C. On January 9, 2009, the Defendant paid the Plaintiff the full amount of the deposit for lease under the instant lease agreement, and received the instant house, and thereafter, paid the rent of KRW 593,000 every month.
D. (1) Meanwhile, around 2009, the Defendant brought an action against the Plaintiff to refund the difference between the conversion deposit and the standard rental deposit, since the instant lease agreement concluded between the Plaintiff and the Defendant was concluded on the basis of the conversion deposit without the Defendant’s consent, the agreement on the rental deposit exceeding the standard rental deposit under the said lease agreement is null and void.
The Sungwon District Court rendered a judgment to the Defendant to return KRW 111,036,335, the difference between the initial rental deposit and the standard rental deposit, upon receiving the Defendant’s claim on December 2, 2009 (Dawon District Court 2009Gahap5663, Suwon District Court 2009).
(2) The Plaintiff appealed against the above judgment. The Plaintiff asserted that, during the course of the appellate trial proceedings, if the initial rental deposit of the instant lease agreement is lower than the standard rental deposit, the rent should be higher according to the conversion rate. On the other hand, the Plaintiff offsets the Defendant’s claim for return of unjust enrichment with the claim equivalent to the difference of the rent accrued until the closing date of the appellate proceedings. On the other hand, the Plaintiff filed a preliminary counterclaim seeking payment equivalent to the difference between the standard rent and the initial rent from the date of delivery of the instant apartment after the closing date of the appellate proceedings (Seoul High Court Decision 2010Na14461, October 4, 2010 (Counterclaim), 2010Na60525 (Counterclaim), 2010Na12109 (Intervention)).
On December 23, 2011, the appellate court accepted the Plaintiff’s conjunctive counterclaim, and rendered a judgment that “The instant lease agreement is legally effective in accordance with the legal doctrine of partial invalidation, only the portion of the standard security deposit and standard rent from the beginning. Therefore, the Defendant is obligated to pay to the Plaintiff monthly the difference of KRW 316,00,00, the difference between the standard rent of KRW 909,000 and the initial rent of KRW 593,000 as determined at the time of conclusion of the instant lease agreement, and the Defendant shall pay to the Plaintiff the amount calculated at the rate of KRW 316,00,000 from December 25, 2010 to the date of delivery of the instant apartment from the date following the closing of argument in the appellate court (hereinafter “instant appellate court”).
(3) The Defendant appealed against the instant appellate judgment, but the Supreme Court dismissed the Defendant’s appeal on June 24, 201, and the instant appellate judgment became final and conclusive.
E. (1) On February 25, 201, the Plaintiff deposited KRW 109,749,000, the difference between the converted deposit and the standard deposit deposit amount, and KRW 6,702,958, to the Defendant in Suwon District Court for repayment, in accordance with the instant appellate judgment.
(2) After the decision of the above Supreme Court was rendered, the Defendant requested a review on the above appellate court judgment, and even after the decision of the above appellate court became final, only KRW 593,00,000, which is the initial rent of the instant lease contract, was paid, and the amount of KRW 316,00,000, which
F. (1) Article 9(1)5 of the instant lease agreement provides that a lessor may terminate the instant lease agreement in cases where a lessee fails to pay rent or management fee for at least three months.
(2) On December 22, 2011, the Plaintiff notified the Defendant that the instant lease contract was terminated on the ground that the Defendant did not pay monthly rent for at least three months, based on the foregoing provision.

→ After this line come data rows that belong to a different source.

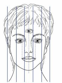 Figure 26-2: Frontal view of the face. Sagittal division of the face into fifths with each fifth equal to one eye width.
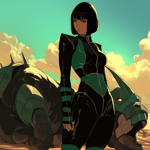 mexican woman with bob haircut standing next to a rhinceros robot, empty desert background, eerie, webtoon, comic book style --s 250 --style raw --niji 6
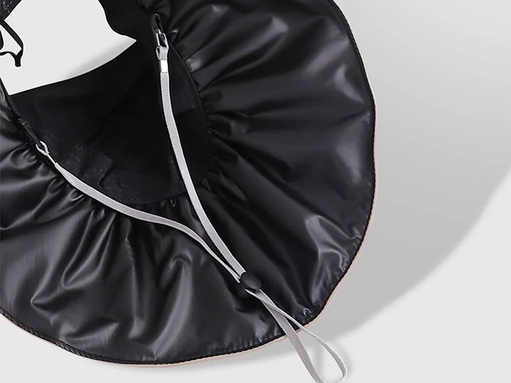 附带可拆卸防风绳,大风天也能戴得非常稳。Lingo Codes黑胶防晒帽,现一条生活馆有售▼
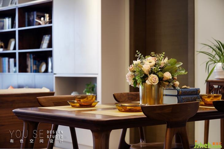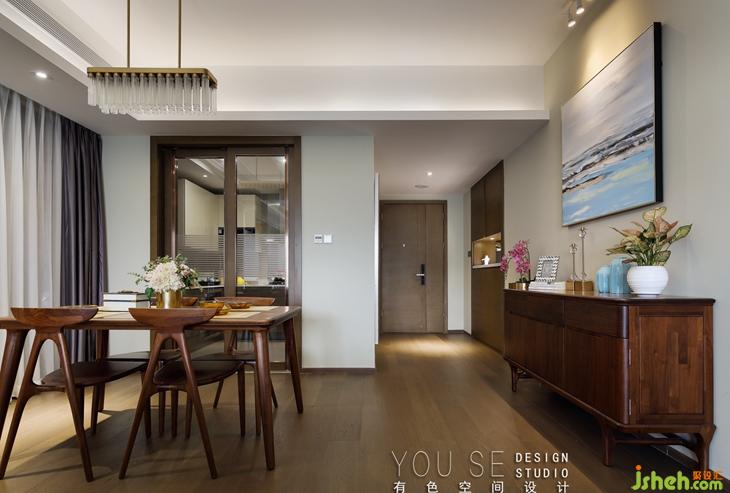 簡約的餐桌風格,配上頂部現(xiàn)代風的吊燈,唯愛與美食不可辜負。
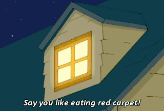 Say you like eating red carpet! PETER: I like eating red carpet. Giggity.
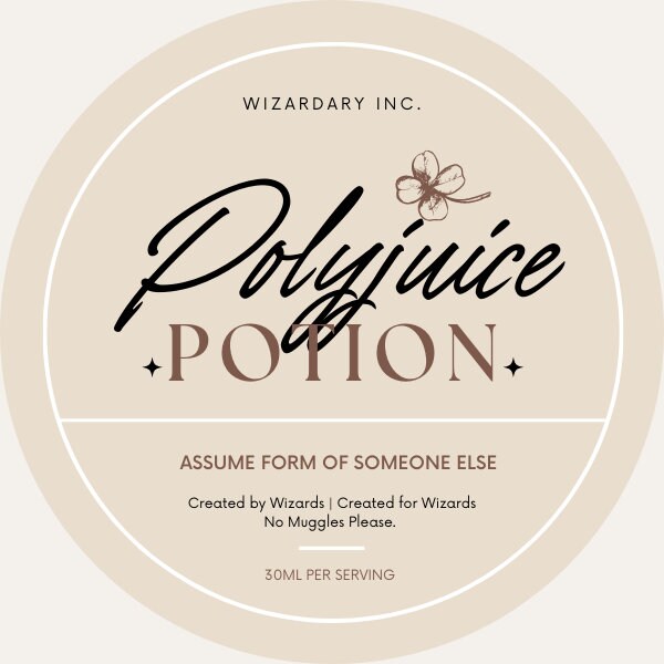 Polyjuice Label - Etsy UK Polyjuice Label - Etsy UK Polyjuice Label (69 relevant results) Price (£) Shops Anywhere Harry Potter Sticker Pack, Chamber of Secrets, Dobby, Polyjuice Potion, Howler, Removable, Free Stickers! (7 pack) CartsArts (378) £7.99 FREE UK delivery 2 Polyjuice Potion Halloween Potion or Wine Bottle Label DrPuggensteinGoos (72) £3.76
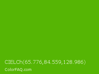CIELCh 65.776,84.559,128.986 Color is a normal green color and the nearest color is Kelly Green #4cbb17. Hex code #56b504 and RGB value is rgb(86,181,4). In RGB color space, this color is composed of 34% red, 71% green, 2% blue, In CMYK color space, this color is composed of 52% cyan, 0% magenta, 98% yellow , 29% black , In HSL color space, this color has a hue angle of 92° , 96% saturation and 36% lightness.

G. After that, on March 28, 2012, the Defendant calculated the amount ordered to pay in the instant appellate judgment and remitted it to the Plaintiff’s account by calculating the amount ordered to pay in the instant appellate judgment, and thereafter, remitted the amount of KRW 909,000 (= KRW 593,000 + KRW 316,000) each month.

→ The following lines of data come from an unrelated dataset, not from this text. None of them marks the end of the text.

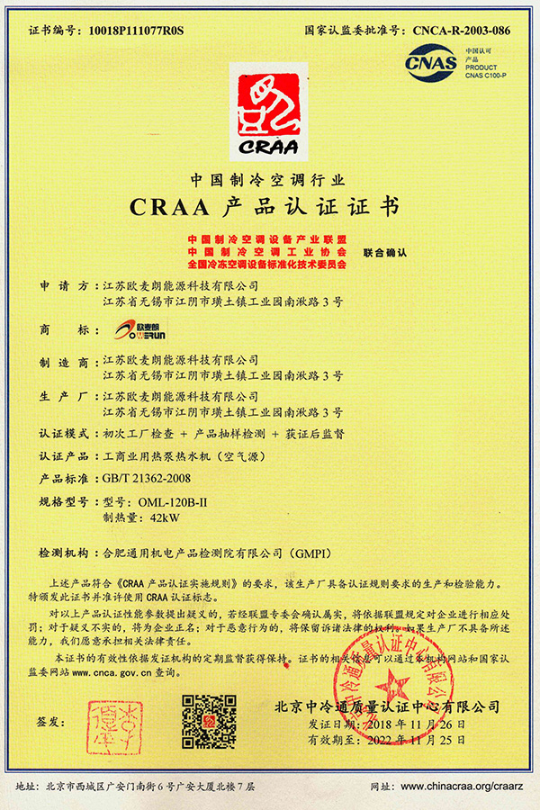 • 中國制冷空調行業CRAA產品認證證書
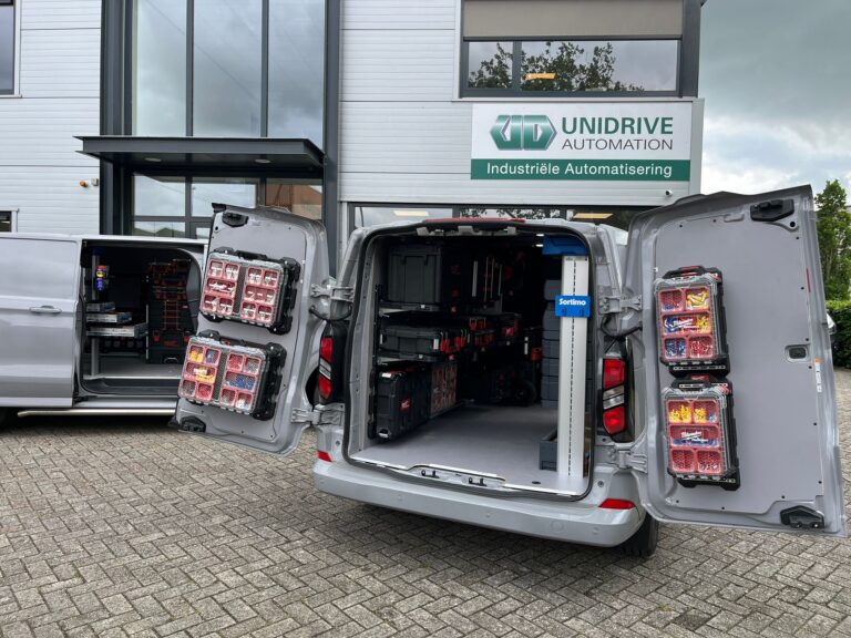 Verbeca leverde een maatwerk bedrijfswagen op voor Unidrive Automation, met een slimme combinatie van Sortimo SR5 en Milwaukee PACKOUT voor maximale efficiëntie, veiligheid en professionaliteit.
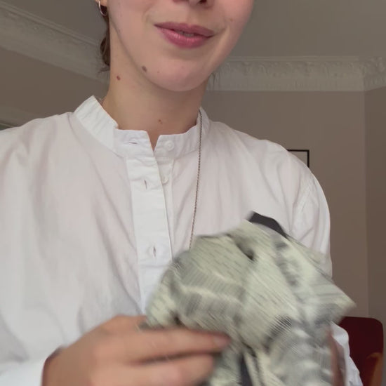 A warm hug for the winter season. Limited edition, unique pattern created by Valeria Gulieva. Double side print. Size 90x90 cm, 35% silk 65% wool. Available in two colors.
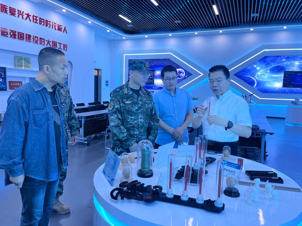 参观过程中党委书记惠朝阳向雒金龙政委介绍了学校在办学特色、人才培养、科学研究、社会服务、校企合作等方面的基本情况。雒金龙政委对我校各项事业取得的成绩给予高度评价,随后简要介绍了武警咸阳支队的基本情况,希望双方能进一步加强合作,互学互鉴,携手共进,共同发展。

[Ground of recognition] Facts without dispute, Gap evidence 1 through 6, Gap evidence 7 and 8-1, 2, Gap evidence 9, Eul evidence 1 and 3, and the purport of the whole pleadings
2. Determination as to the cause of action
A. The plaintiff's assertion
The Defendant, a lessee, pays only KRW 593,00 per month, which is a rent calculated on the basis of the monthly rent under the instant lease agreement, i.e., conversion rent, to the Plaintiff, a lessor. As the validity of the instant judgment on the instant lease agreement, the agreement on the conversion of rental deposit exceeding the standard rental deposit under the instant lease agreement was null and void. Accordingly, the monthly rent to be paid by the Defendant is KRW 909,000 based on the standard rent. Since the Defendant did not pay the rent equivalent to the difference between the standard rent (9,000) and the converted rent (593,000 won) even after the said judgment on the appellate court was rendered, the lease agreement with the Defendant is terminated by the notification on the termination of December 22, 2011.
B. Determination
(1) The judgment of the appellate court of this case held that “The lease contract of this case is legally effective and effective from the beginning in accordance with the legal principles of partial invalidation, only the part of the standard rental deposit and standard rent shall be deemed legally effective, and the defendant is obligated to pay the difference of rent to the plaintiff (Evidence A No. 4).

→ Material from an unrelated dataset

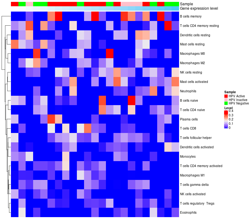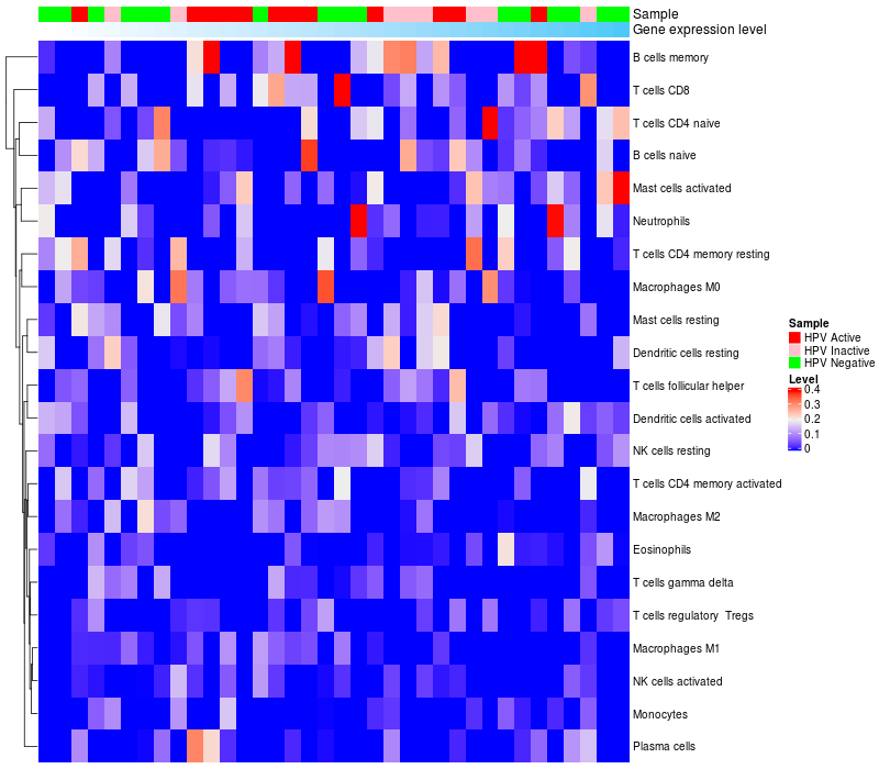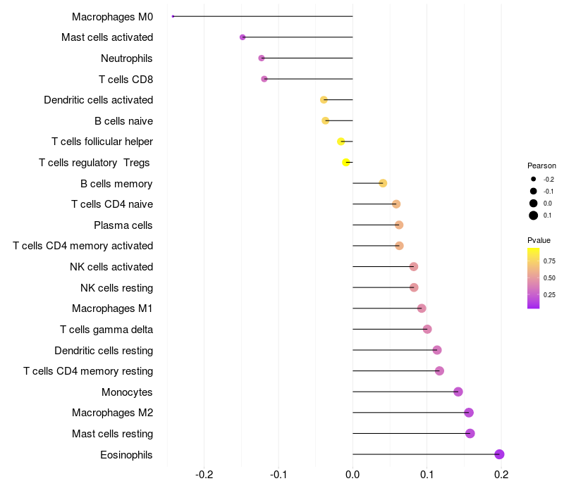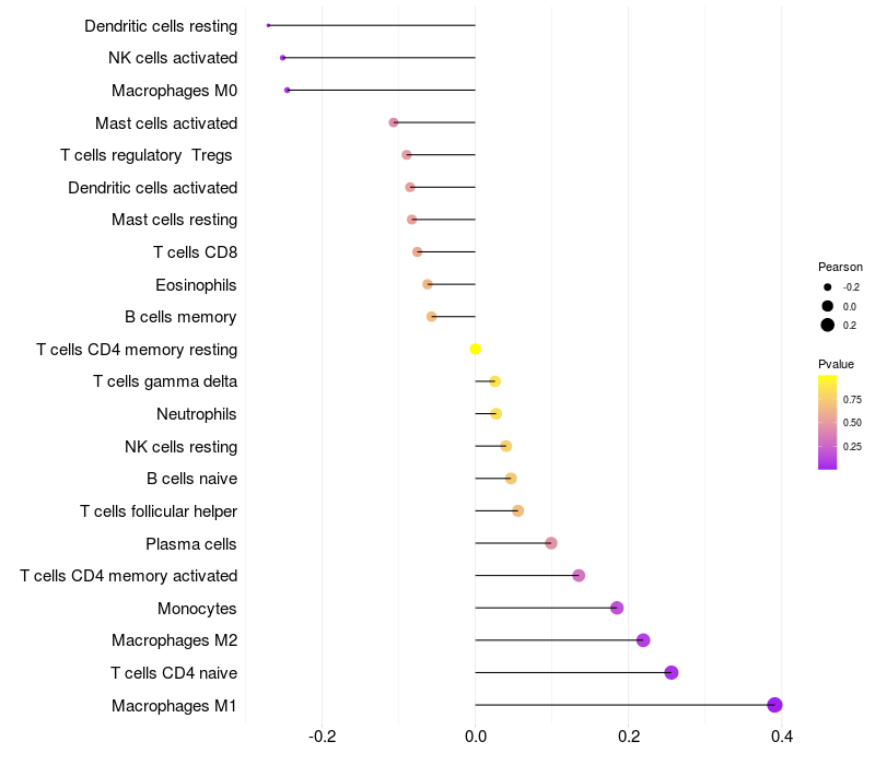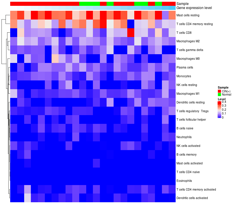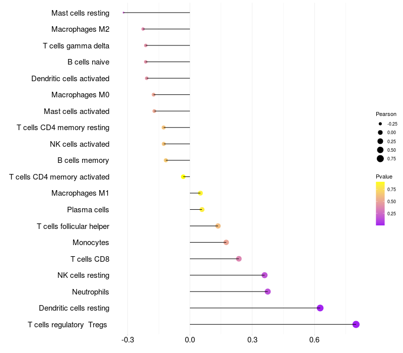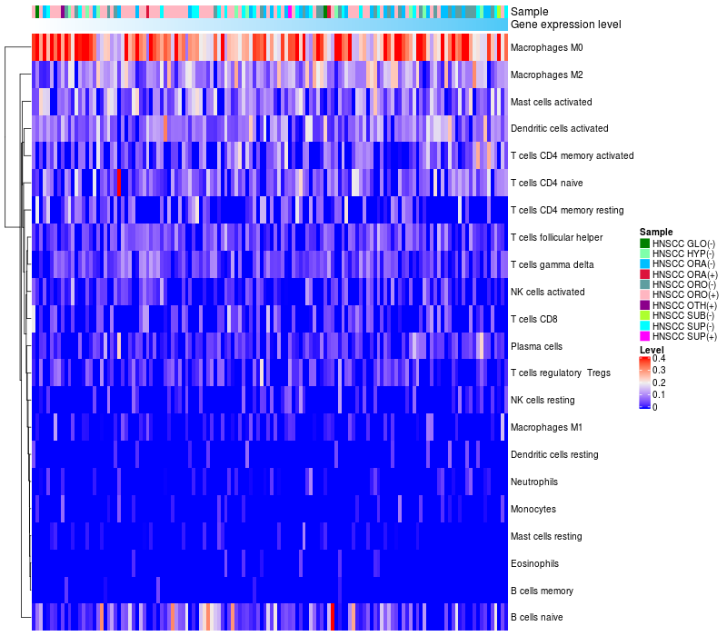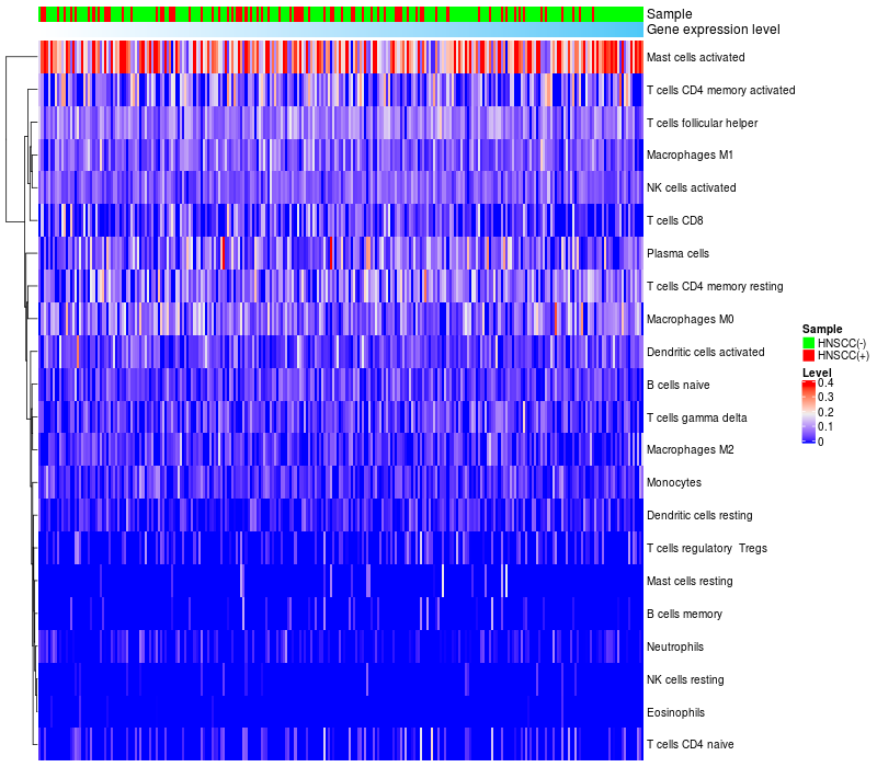 Relationship between gene expression and immune infiltrating cell level

(2) However, although the instant appellate judgment expressed “the difference between the standard rent and the converted rent” as “the rent difference,” it should be examined whether it means “the monthly rent” used in the ordinary rental agreement.
① The proviso of Article 137 of the Civil Act provides that “if it is deemed that a juristic act has been conducted even without any invalid part, the remaining part shall not be null and void.” That is, even after the divisible juristic act differs from null and void, the remaining part may exist as an independent juristic act, and the remaining part alone is deemed null and void.
When applying the legal principles on partial invalidation in the instant case, determination of rental deposit as KRW 246,940,00 in the instant lease agreement is null and void only for the portion exceeding KRW 137,191,00, which is the standard rental deposit. The imbalance of monthly rents generated by reducing the amount of rental deposit as the standard rental deposit is a problem that should be resolved by returning unjust enrichment equivalent to the difference to the Plaintiff, and it cannot be said that the monthly rent portion of the instant lease agreement, which did not violate the validity provision through the legal principles on partial invalidation, cannot be increased.
Although there is a structure that increases the monthly rent if the monthly rent is reduced due to the inter-connection between the rental deposit and the monthly rent, since the lease agreement is a separate element with different legal effects from the monthly rent, it cannot be said that the monthly rent should be increased as much as the monthly rent, instead of nullifying a part of the rental deposit, by applying the legal principles on partial invalidation.
② However, the instant appellate judgment held that “only the portion of the standard rental deposit and standard rental fee, from the beginning, remains legally effective in accordance with the legal doctrine of partial invalidation.”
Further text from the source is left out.